### MATERIAL TO PROCESS
▼

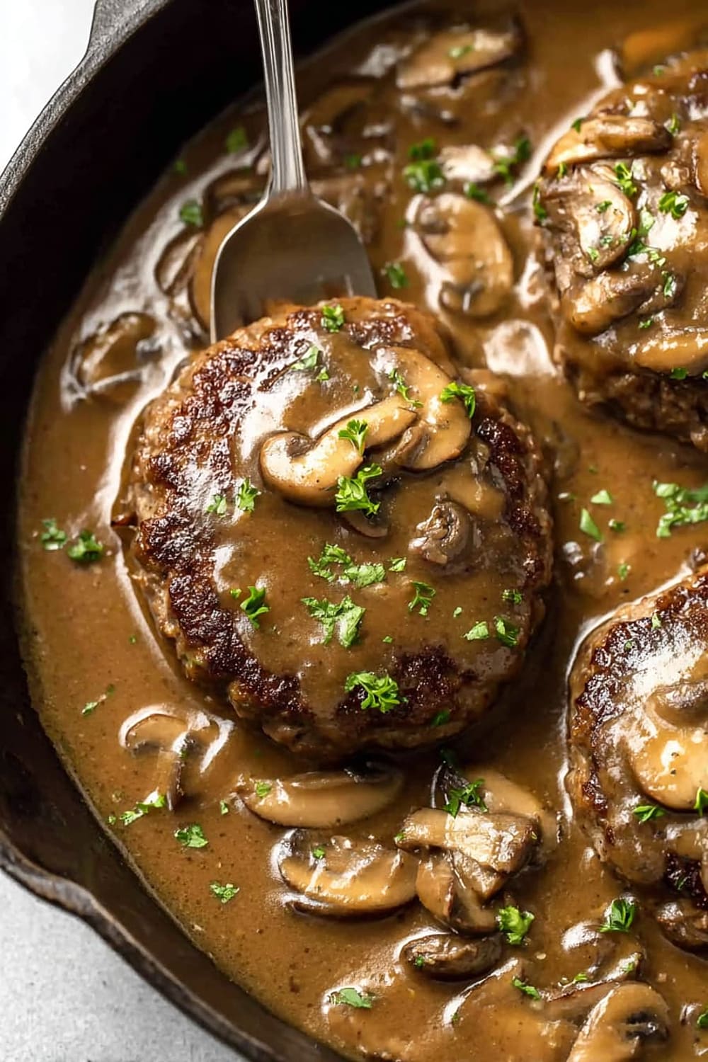 - 11 Serve the Salisbury steaks immediately, generously topped with the mushroom gravy. These are absolutely perfect over creamy mashed potatoes, buttered egg noodles, or rice. Sprinkle with fresh chopped parsley for a pop of color if desired.
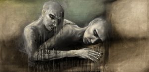 In a room filled with silence and shadows, one endeavors to comfort either a beloved one or oneself, while the soul is torn apart by a silent storm, melting away. Yet, they hold onto each other tightly, determined to withstand the darkness together or alone.
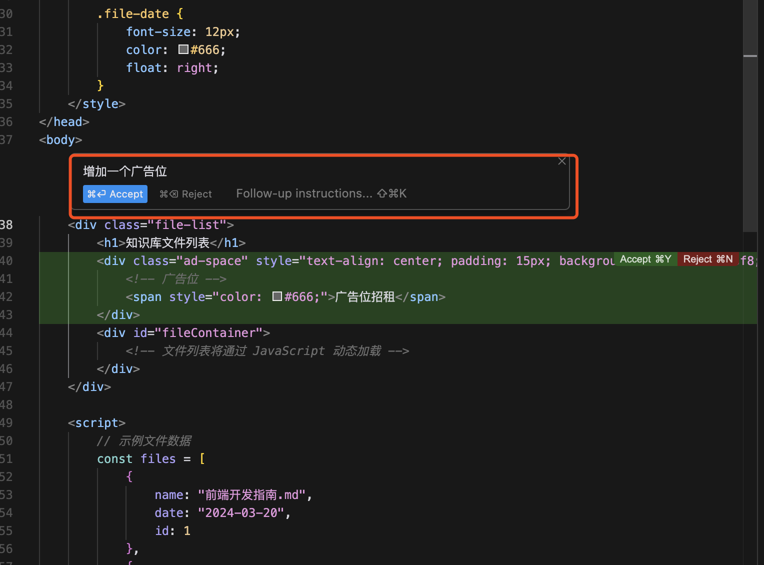 3.2 新增/修改代码、文字如果只想修改部分代码,可以鼠标选中后,使用 不选中代码的情况下,打开窗口,可以要求AI实现新增的功能,比如这里我想增加一个广告位,效果如下:
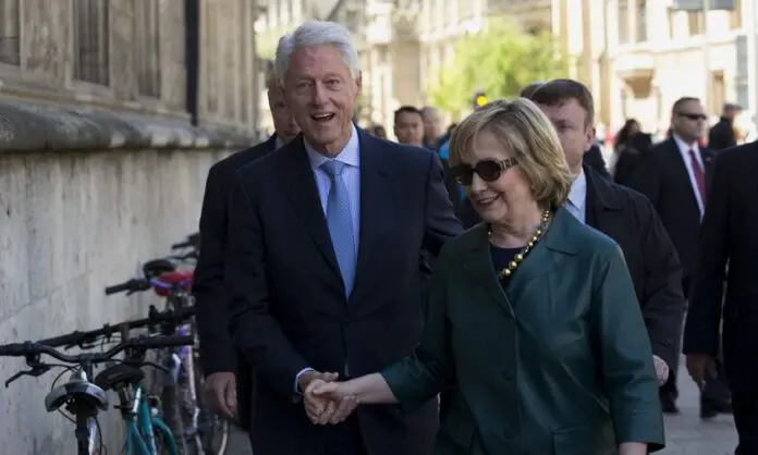 Οι φιλοπαλαιστίνιοι διαδηλωτές τους «στόλισαν» κατηγορώντας τους ότι «διευκολύνουν την γενοκτονία» στη Λωρίδα της Γάζας κι αποκαλώντας «σούπερ αρπακτικό» την πρώην επικεφαλής της αμερικανικής διπλωματίας και «σκ@τό» τον πρώην πρόεδρο των ΗΠΑ.
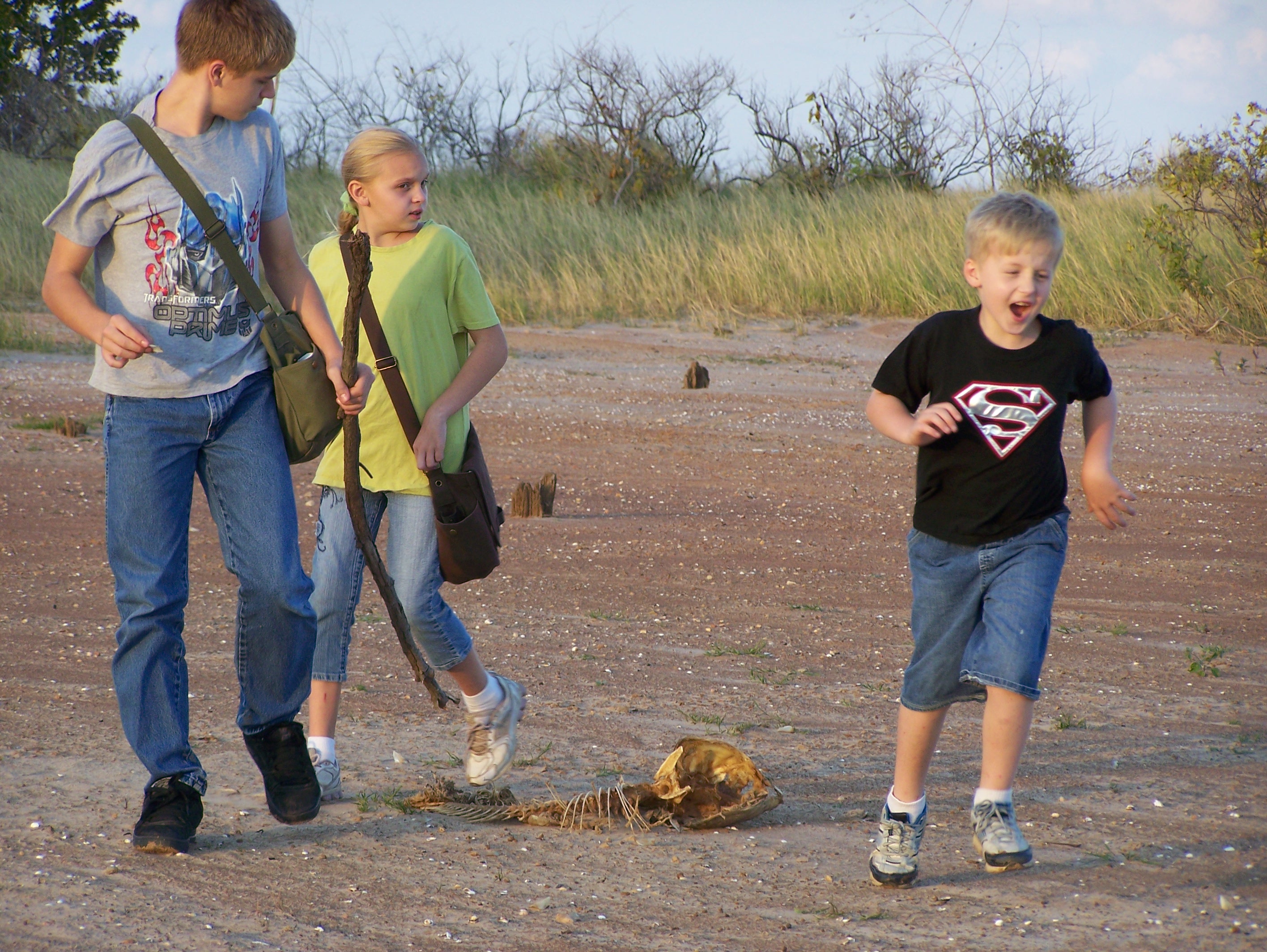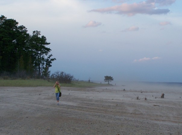 Once we got out to the open point of the beach, the wind started to pick up and blew the sand across the beach. This mini dust storm was the one thing we will remember the most. The way the sand moved reminded me of the cartoon Prince of Egypt—the plague of the death of the firstborn. The way that the sand slinked and weaved in and around each bush and grass clump, how it slithered along the ground, was almost supernatural. It was a great experience for the kids because the week before, we had learned about the 1930s Dust Bowl, the great dust storms that happened so long ago in the U.S. As bad as this little sand disturbance was, the kids could only imagine the magnitude of what a real sandstorm must have been like. Anna wandered too far ahead and had to turn back, facing the storm head-on. She literally had the sand and wind in her face, which gave her a new perspective on what a sandstorm, even a low-scale one, was like.

▲

### WHAT YOU ARE ASKED TO DO
When a record holds a picture, leave that picture out; copy the rest verbatim.

### EXERCISE ANSWER
 - 11 Serve the Salisbury steaks immediately, generously topped with the mushroom gravy. These are absolutely perfect over creamy mashed potatoes, buttered egg noodles, or rice. Sprinkle with fresh chopped parsley for a pop of color if desired.
 In a room filled with silence and shadows, one endeavors to comfort either a beloved one or oneself, while the soul is torn apart by a silent storm, melting away. Yet, they hold onto each other tightly, determined to withstand the darkness together or alone.
 3.2 新增/修改代码、文字如果只想修改部分代码,可以鼠标选中后,使用 不选中代码的情况下,打开窗口,可以要求AI实现新增的功能,比如这里我想增加一个广告位,效果如下:
 Οι φιλοπαλαιστίνιοι διαδηλωτές τους «στόλισαν» κατηγορώντας τους ότι «διευκολύνουν την γενοκτονία» στη Λωρίδα της Γάζας κι αποκαλώντας «σούπερ αρπακτικό» την πρώην επικεφαλής της αμερικανικής διπλωματίας και «σκ@τό» τον πρώην πρόεδρο των ΗΠΑ.
 Once we got out to the open point of the beach, the wind started to pick up and blew the sand across the beach. This mini dust storm was the one thing we will remember the most. The way the sand moved reminded me of the cartoon Prince of Egypt—the plague of the death of the firstborn. The way that the sand slinked and weaved in and around each bush and grass clump, how it slithered along the ground, was almost supernatural. It was a great experience for the kids because the week before, we had learned about the 1930s Dust Bowl, the great dust storms that happened so long ago in the U.S. As bad as this little sand disturbance was, the kids could only imagine the magnitude of what a real sandstorm must have been like. Anna wandered too far ahead and had to turn back, facing the storm head-on. She literally had the sand and wind in her face, which gave her a new perspective on what a sandstorm, even a low-scale one, was like.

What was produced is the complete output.